Bill Murray as Phil Connors in 'Groundhog Day' (Photo: Columbia Pictures/Everett Collection)
"Well, it's Groundhog Day... again," said Phil Connors, played by Bill Murray, in 1993's "Groundhog Day."
February 12 marks the 20th anniversary of the release of the romantic comedy that had Murray reliving the same day over and over again until he finally learned how to be a better man.
The movie, directed by Harold Ramis and written by Ramis and Danny Rubin, was a box-office hit at the time, grossing over $70 million (more than 4.5 times it's budget). But -- much like a day in Punxsutawney, PA -- experiencing the movie repeatedly just makes you appreciate it all the more. "Groundhog Day" didn't receive any major awards or even nominations at the time, but now it is regarded as a modern classic. The American Film Institute placed it on their lists of the best comedies and best fantasy films, and in 2006 it was added to the National Film Registry of historically significant films.

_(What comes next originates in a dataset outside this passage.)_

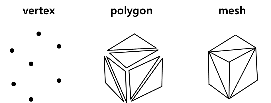 버텍스(vertex)는 삼각형을 만들기 위한 점들을 의미하며, 버텍스들을 이어서 만든 삼각형을 폴리곤(polygon)이라 합니다(사각 폴리곤도 존재합니다). 그리고 폴리곤들을 모아 특정 오브젝트의 모양을 나타낸 것을 메시(mesh)라 합니다. 버텍스 정보들은 GPU의 메모리에 저장되어 있으며, 이 버텍스 데이터는 메시의 형태만을 반영하는 로컬 스페이스(local space) 데이터입니다. 렌더링 시 해당 메시를 사용하는 오브젝트의 트랜스폼 정보를 반영하여 월드 스페이스(world space) 데이터로 변환해야 하고 이 과정을 월드 트랜스폼(world transform)이라 합니다. 또한 오브젝트를 화면에 출력할 때는 카메라를 기준으로 하며 카메라 또한 별도의 트랜스폼 정보를 가지기 때문에, 해당 데이터를 카메라에 상대적인 뷰 스페이스(view space) 데이터로 변환해야 합니다. 이 과정을 뷰 트랜스폼(view transform)이라 합니다. 해당 과정을 통해 최종적으로 오브젝트가 화면의 어느 위치에 보이게 될지 정해지며, 이러한 트랜스폼 변환은 버텍스 쉐이더(vertex shader)를 통해 처리됩니다.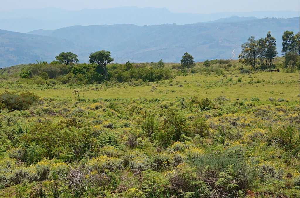 Coming out of the woods and heading north east you are now walking to the ‘other side’ of the watershed in a whole new geography; the hint of a panorama across the Gairezi river valley reaching over to unknown peaks around Nyafaro steadily pulls you along.

One of the pleasures of watching "Groundhog Day" time after time is trying to put together how all the little pieces of Phil Connors' day fit together. But even if you've seen the movie more times than you can count, there are still some bits about the making of it you might not know...
Rita: What did you do today? Phil: Oh, same-old, same-old.

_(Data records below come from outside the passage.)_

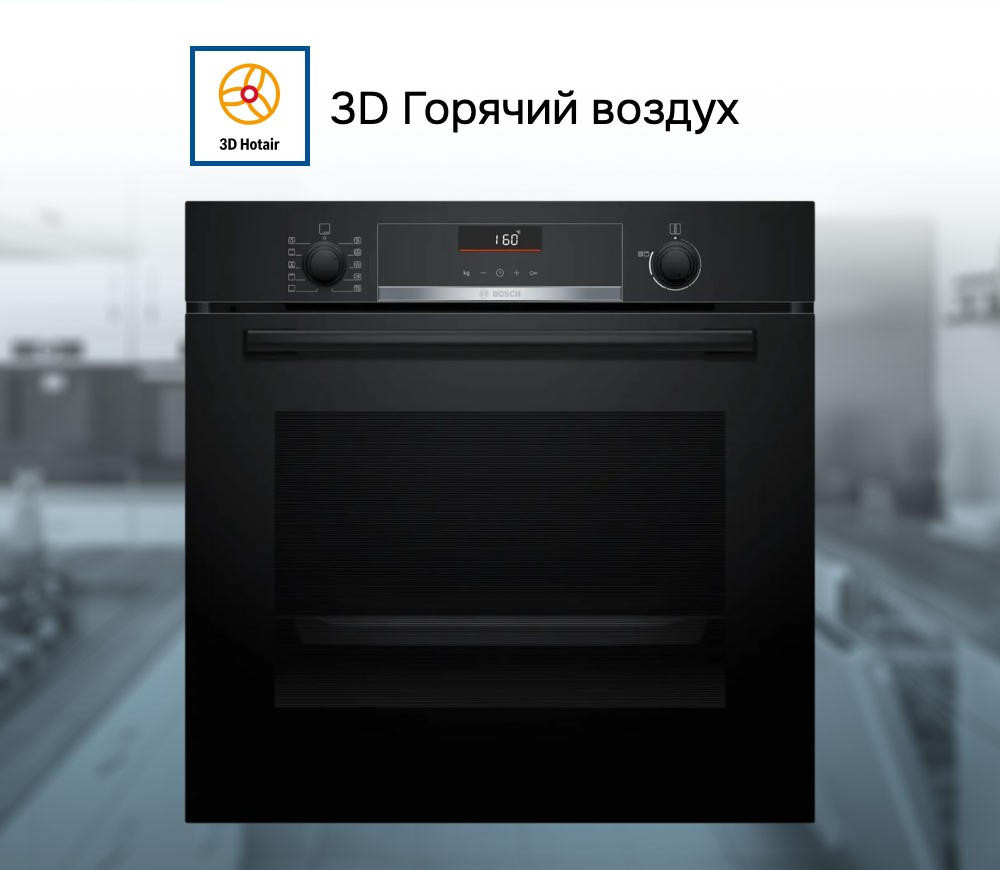 Духовой шкаф Bosch HBG536EB3 оснащен 7 режимами нагрева, включая 3D-горячий воздух и горячий воздух Gentle, верхний/нижний жар ECO, большой гриль, гриль с конвекцией, режим для пиццы и нижний жар. Диапазон температур прибора составляет от 50 до 275 градусов Цельсия. Особенностью данной модели является наличие автоматического приготовления AutoPilot с 10 автоматическими программами и функцией быстрого разогрева. Внутреннее освещение обеспечивает отличную видимость, а система очистки EcoClean с панелями на задней стенке значительно облегчает уход за прибором.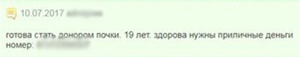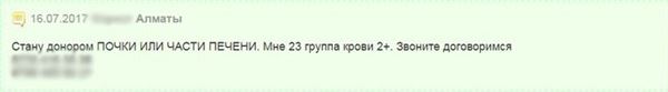 "Маған өте қомақты қаржы керек, сол себепті де өзімнің бүйрегімді форумға жарнамалап, сатылымға қойдым. Ол жердегі адамдар бұл мәселеге шынайы мән бермейтін секілді. Мен бағасын айтқаным жоқ, егер де маған жақсы ұсыныс түсіп, көп қаржы ұсынатындар болса, мен бүйрегімді сатуға дайынмын.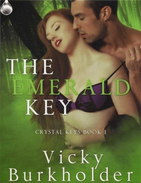 My second pick is The Emerald Key, by Vicky Burkholder. I’m a sucker for any mention of emerald, one of my favorite jewels and colors. This cover has a lot of green, so much that the title word “Emerald” gets a little lost. That’s a design issue that could be solved by doing the word in a slightly different color. If this book has a print edition, embossing “Emerald” and printing that word in foil would make a nice contrasting effect, although an expensive one. Because I’m looking at a promotional postcard, I can flip it to read the descriptive copy—and discover that this clinch cover, a classic in romances, is promoting a paranormal tale. Totally not what the cover tells me. Our gal who is being helped out of her clothing has magic powers and has a romance with a man who also has magic powers, and they’re on the run from a murderous stalker. Whew. That’s a load of suspense and danger, none of which is suggested by the cover. I assume the reason is that this story has tons of romantic moments and not many scary scenes. I hope.

How long is Phil actually stuck?
There's been some debate about how long Bill Murray’s character is in his looping limbo. Director Harold Ramis originally said 10 years, then revised it to 30-40 years, saying it would take Phil that long to learn everything he does, like becoming an expert pianist (Murray actually had a piano double for the close-ups). But in the original screenplay, he was supposed to be stuck for 10,000 years. He marked each day by reading one page of a book in the library, and eventually read everything in the place.
How did he get stuck?
There was a scene in an earlier draft of the script where Phil had a spurned ex-girlfriend who used a magic spell to curse him. But then Ramis changed his mind and cut the scene in subsequent drafts to leave it unexplained.
How the film was conceived
Writer Danny Rubin says he built the script around the core idea that one lifetime isn't enough. "There are some people, those arrested development-type men who can't really outgrow their adolescence. And I thought, 'Well, maybe one lifetime isn’t enough. Maybe you need more,'" he said in 2010. However, his original script began with Phil already repeating the day and explaining to the audience in voice-over how he got there. When Ramis re-wrote the script, he started the story at the beginning so you could see the first day.